Car Rysa était une vieille fille. Non pas qu'elle n'ait jamais connu les plaisirs charnels, mais elle n'avait jamais rencontré l'âme sœur. Celle avec qui l'on peut envisager de passer toute une vie et plus encore. Elle s'en satisfaisait même si un coin de son cœur espérait toujours secrètement. Elle savait qu'elle ne pourrait pas s'engager dans une relation durable sans être certaine des sentiments de l'autre. Et qu'à défaut de penthotal, elle en était réduite à la mélancolie passagère du célibat qu'elle noyait dans les livres. Elle en avait d'ailleurs encore quelques cartons à vider aujourd'hui. Rysa aimait ces moments où elle pouvait feuilleter et humer ses vieux ouvrages. Et par-dessus tout, elle adorait retrouver des bouquins qu'elle avait idolâtrés puis oubliés. Elle possédait également quelques œuvres de collection qu'elle parcourait de temps à autre comme cette édition ancienne du « Spleen de Paris » de Baudelaire avec une reliure en cuir. Au moment où elle l'avait en main, tout en le caressant, elle se souvint d'une strophe du poème « les fenêtres » qu'elle avait du étudier pour le bac;

« Ce qu'on peut voir au soleil est toujours moins intéressant que ce qui se passe derrière une vitre.
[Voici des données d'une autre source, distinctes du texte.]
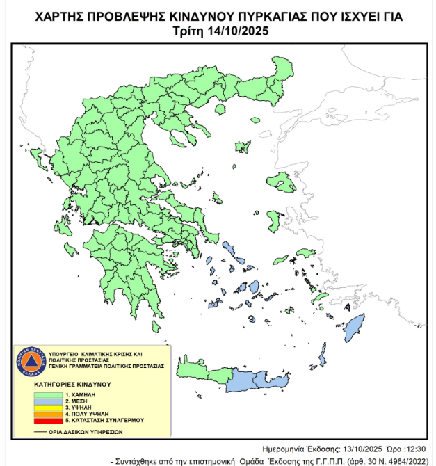 Σύμφωνα με τον Χάρτη, ο κίνδυνος πυρκαγιάς στην περιοχή μας, είναι χαμηλός.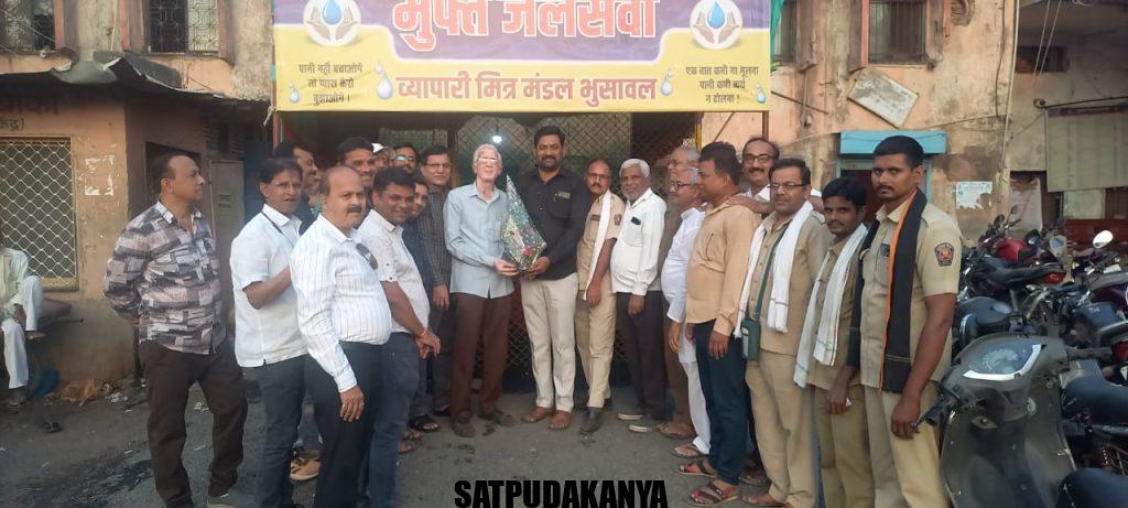 भुसावळ मध्ये तापमानाबाबत उच्चांक गाठत असताना पिण्याच्या पाण्याची सार्वजनिक व्यवस्था बस स्थानक परिसरात नसल्याने येथील व्यापारी मित्र मंडळ तर्फे नुकतेच सुसज्ज मोफत थंडगार जलसेवेचे उद्घाटन व्यापारी मित्र मंडळाचे प्रमुख राधेश्यामजी लाहोटी व आगार प्रमुख राकेश शिवदे साहेब यांच्या शुभहस्ते करण्यात आले .प्रथम आगार प्रमुख राकेश शिवदे व पर्यावरण जागर प्रतिष्ठानचे नाना पाटील सर यांच्या हस्ते व्यापारी संघाचे अध्यक्ष राधेश्यामजी लाहोटी व मित्रमंडळाचे पुष्पगुच्छ देऊन सत्कार करण्यात आले . यावेळी या मोफत जल सेवेचा उपयोग प्रवाशांनी घ्यावा असे आवाहन राधेश्यामची लाहोटी यांनी केले . व्यापारी मित्र मंडळातर्फे दरवर्षी बस स्थानक वर पाणपोईची व्यवस्था करण्यात येते .कायमस्वरूपी रीतसर जागा उपलब्ध करून दिली तर कायम Ro युक्त जलसेवा उपलब्ध करून दिली जाईल असे राधेश्यामजी लाहोटी यांनी सांगितले .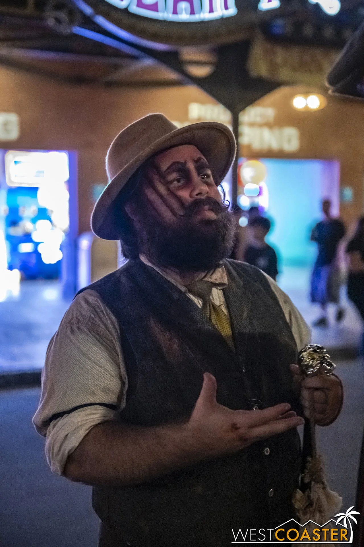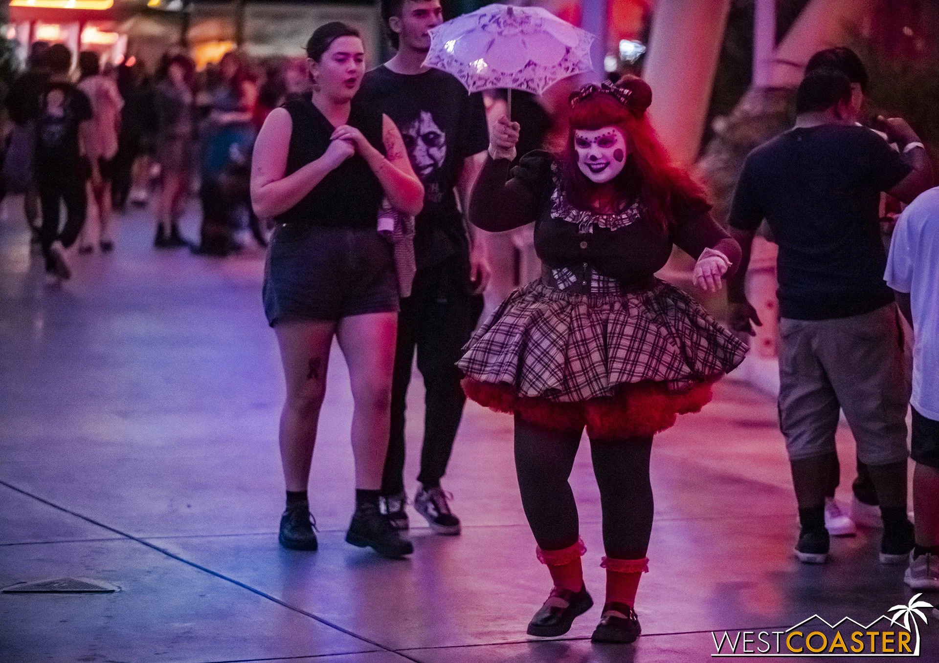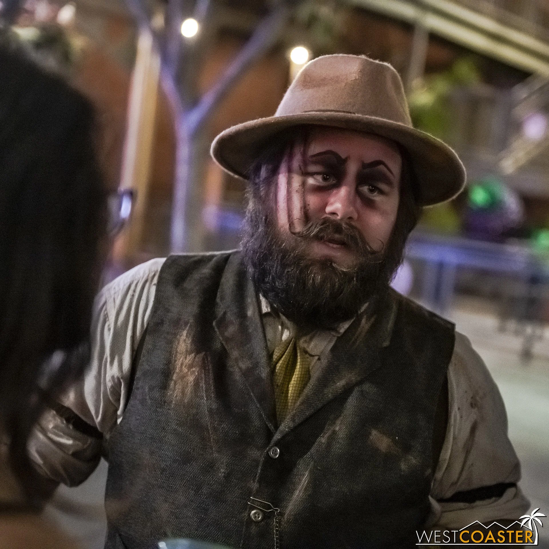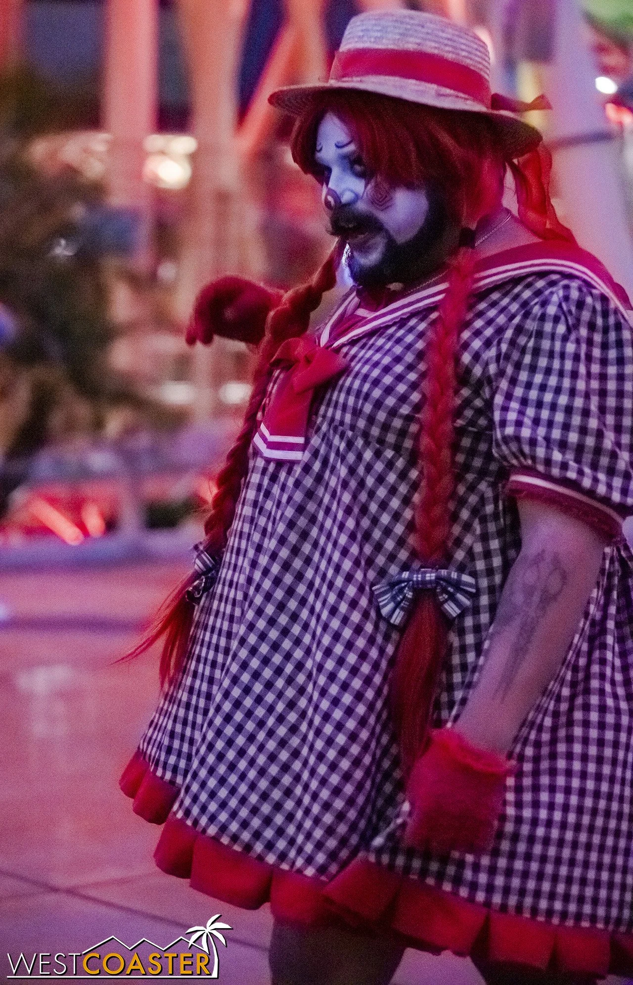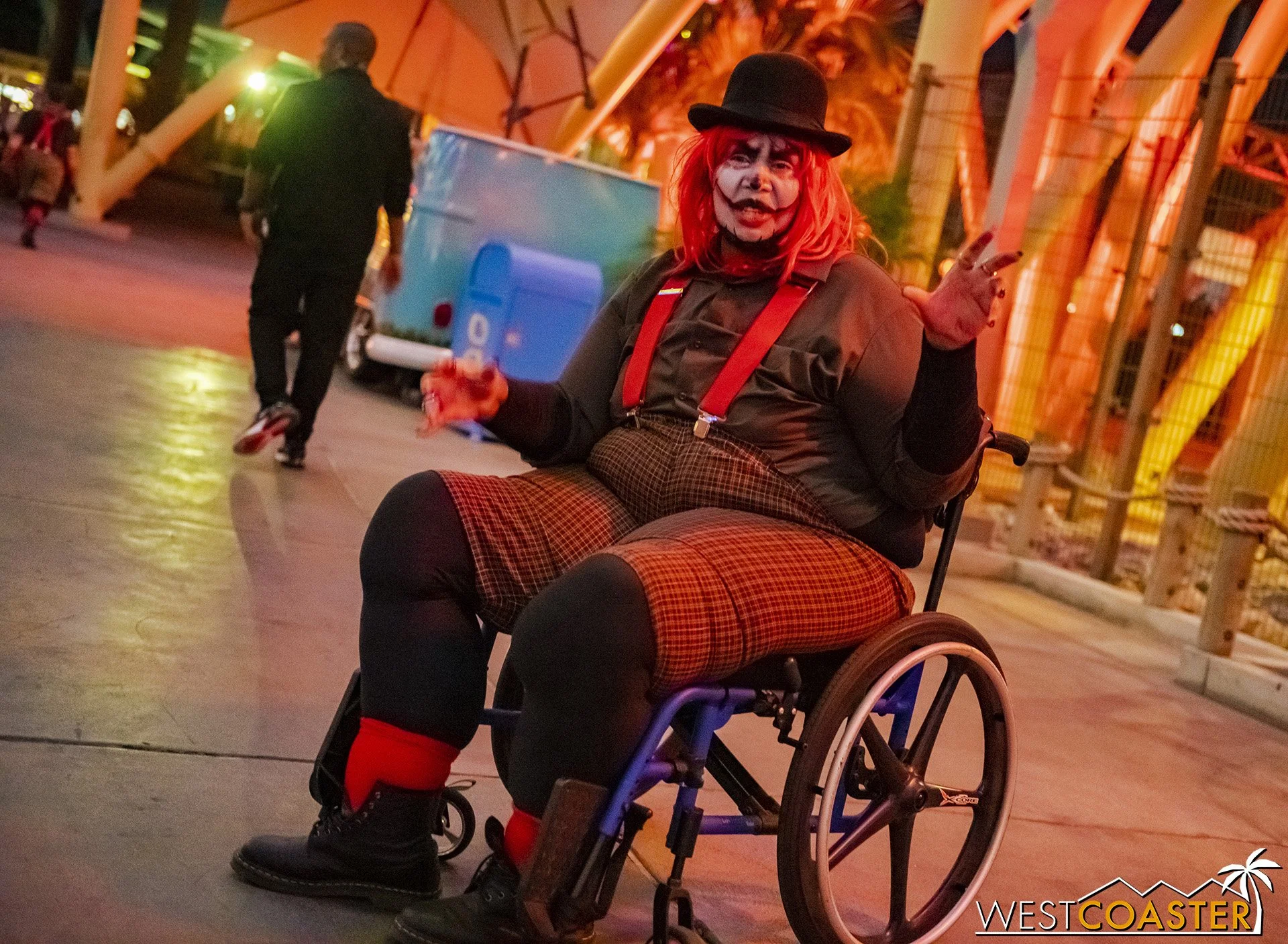 Bright, fogless, and open, Carnevil is the absolute antithesis of Ghost Town. With limited advantages for hiding spots, the scareactors here must rely on coulrophobia to achieve their scares. But barring that, they’re also the most hilarious scareactors in the park, because they get to live up to their stereotype was pranksters and maniacs and entertainers. Whether it’s with improvised skits using their own scare props, stalking or mocking guests, or role playing some absurd game with each other as a distraction for team-up scares, the clowns in Carnevil put on quite a show. We do wish that Knott’s would incorporate more set pieces—even if they were mobile—to give the area more ambiance than just colorful lights and freak show banners, but the fantastic talent still find a way to get their frights and startles.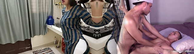 My Indian stepsister comes into my room with a pair of short cutoffs and I end up missing her ass, buttfuck creampie

Dans ce trou noir ou lumineux vit la vie, rêve la vie, souffre la vie.

D'un bon elle se dirigea vers sa chambre pour aller dans la pièce attenante. (Viens & ouvre la fenêtre)
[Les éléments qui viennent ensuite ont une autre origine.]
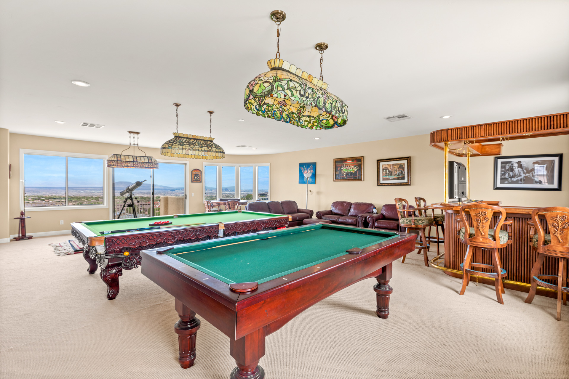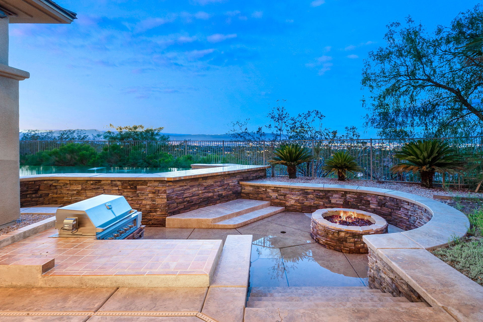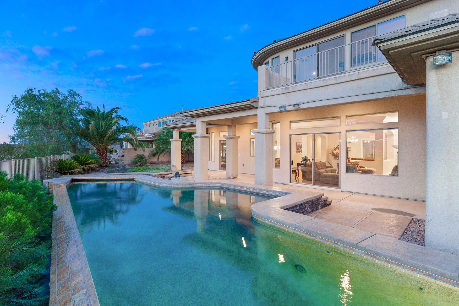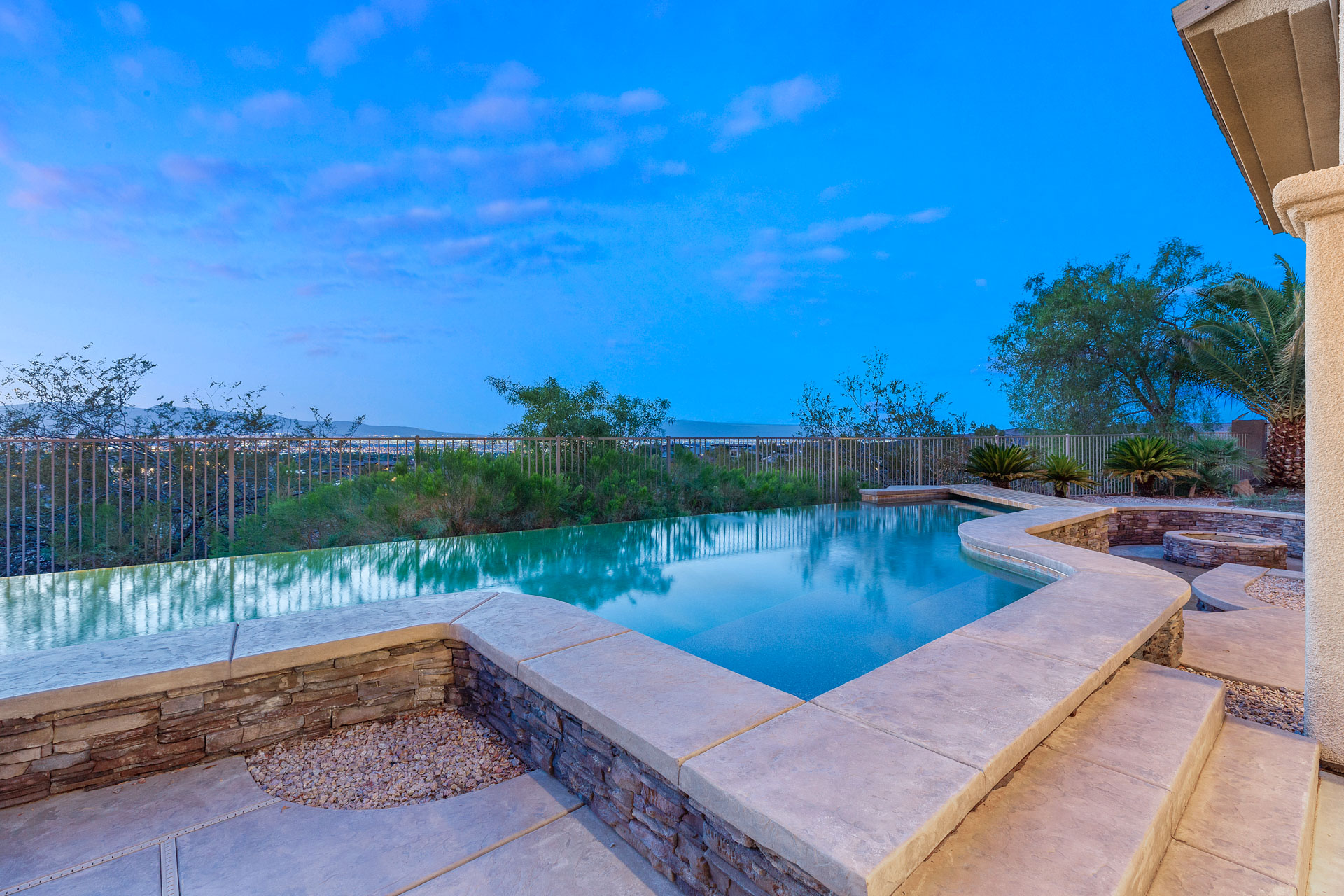 This home features breathtaking panoramic views of the city and The Strip from both levels. Windows overlook the backyard from the expansive great room and distinctive formal dining area. A sit-down wet bar separates the space from the beautiful open-plan kitchen and informal dining area. Stainless Viking and Subzero appliances are featured in the kitchen, with its beautiful custom cabinetry and granite counters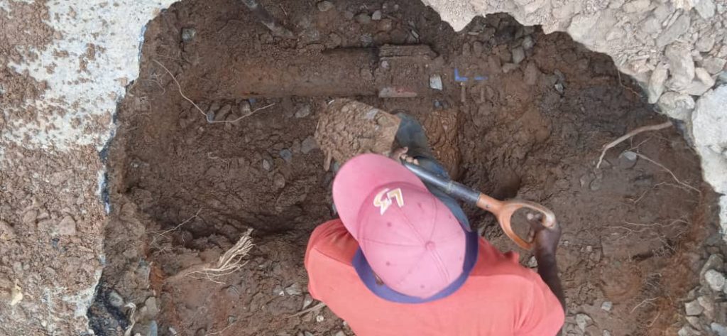 Durante los trabajos de reparación fue ubicada una tubería de 6 pulgadas que presentaba un poro; el personal técnico de la hidrológica procedió a fabricar un niple, el cual se empleó con dos juntas mecánicas para sustituir el tramo de la aducción afectado.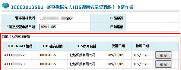 步驟六、於「目前允入的HIS廠商」會顯示新增成功的HIS廠商資訊,如下圖示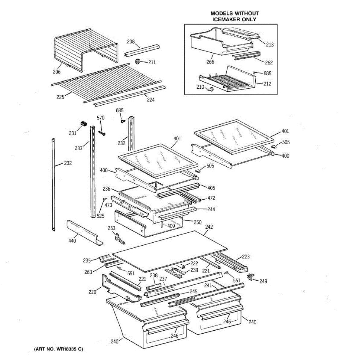 Parts for Ge TBX22PAYERBB: 04 - Shelf Parts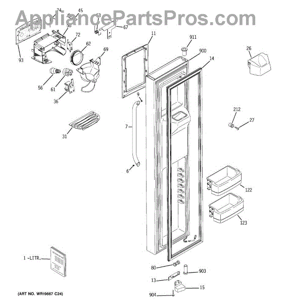 The Refrigerator Dispenser Arm Kit is an OEM component for GE French door refrigerator models. This kit contains the arm mechanism responsible for dispensing ice and water from the external dispenser tap. Proper functioning of the dispenser arm allows for effortless access to ice and water directly from the refrigerator door. Over time, cold temperatures, mineral deposits, and high usage can cause mechanical failure. Symptoms of a problematic refrigerator dispenser arm kit include: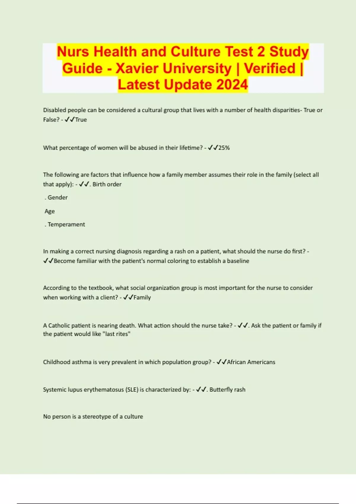 Nurs Health and Culture Test 2 Study Guide - Xavier University | Verified | Latest Update 2024

La lumière était tellement blanche que Rysa en fut ébloui. De la fenêtre, elle pouvait apercevoir une jeune femme qui poussait un landau avec dedans un bébé de quelques jours à peine qui y dormait d'un sommeil paisible.

Rysa ne savait pas par quel bout prendre le problème. Elle commença donc par relire l'acte de vente de la maison. Avant Brunswyk, l'édifice avait appartenu à un certain Gustave Kirchof qui l'avait acheté à Robert Bunsen et ainsi de suite jusqu'à sa construction. Rien de bien notable à ses yeux. Elle se souvenait néanmoins d'avoir vu à la bibliothèque, un livre sur les origines du quartier écrit par un passionné d'histoire. Internet lui permit de retrouver très rapidement l'homme qui était encore vivant et habitait à non loin de là.
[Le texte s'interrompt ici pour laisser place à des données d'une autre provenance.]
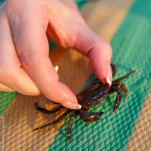 © ovbelov1972, Obraz premium The girl is holding a small crab with two fingers

Pascal Groues était un avocat à la retraite qui vivait dans un bric à brac de livres et d'objets dignes de la braderie de Lille. Après les présentations d'usage mais sans tourner autour du pot, Rysa lui fit un récit circonstancié et concis de son histoire. Groues sourit énigmatiquement en se grattant le menton pas rasé.

- D'après les vieux du quartier, l'îlot de maisons que vous habitez a été construit à l'endroit où se trouvait une usine détruite lors d'une explosion due à une expérience de physique qui aurait mal tourné. Selon les rumeurs qui ont couru à l'époque, les ingénieurs construisaient une machine qui permet de déterminer la composition chimique des choses selon leurs couleurs.

- Un spectromètre ? Osa timidement Rysa.

- La déflagration a détruit les 17 hectares alentours. La vie n'a repris son cours que bien des années après. Des racontars ont traîné longtemps avant que la municipalité ne se décide à reconstruire.

- Que racontaient-ils ?

- Des sornettes à propos de visions qu'auraient eu des enfants jouant sur le terrain vague. Ils disaient avoir vu des anges et des démons à cet endroit.

La conversation bifurqua ensuite sur la politique et Rysa pris poliment congé du vieillard car la nuit tombait déjà. Pour ne pas avoir l'impression de manger seule, elle alluma la radio. Un couplet d'une chanson de Brel qui disait: « Les fenêtres menacent, les fenêtres grimacent, quand parfois j'ai l'audace, d'appeler un chat un chat » l'a fit sursauter. Elle alla ensuite se coucher rapidement après avoir lu sans goût une nouvelle où un appareil photo faisait des clichés révélant l'aspect du sujet au moment de sa mort permettant ainsi de prédire quand la faucheuse passerait

En pleine nuit, elle se réveilla en sursaut car elle avait enfin comprit ; Cette fenêtre permettait de voir la personnalité des gens. La couleur permettait de savoir s'ils étaient bons ou mauvais, purs ou méchants. De la chambre, on voyait la porte d'où irradiait le rouge. Un rouge vif, écarlate, couleur de la passion et de l'amour.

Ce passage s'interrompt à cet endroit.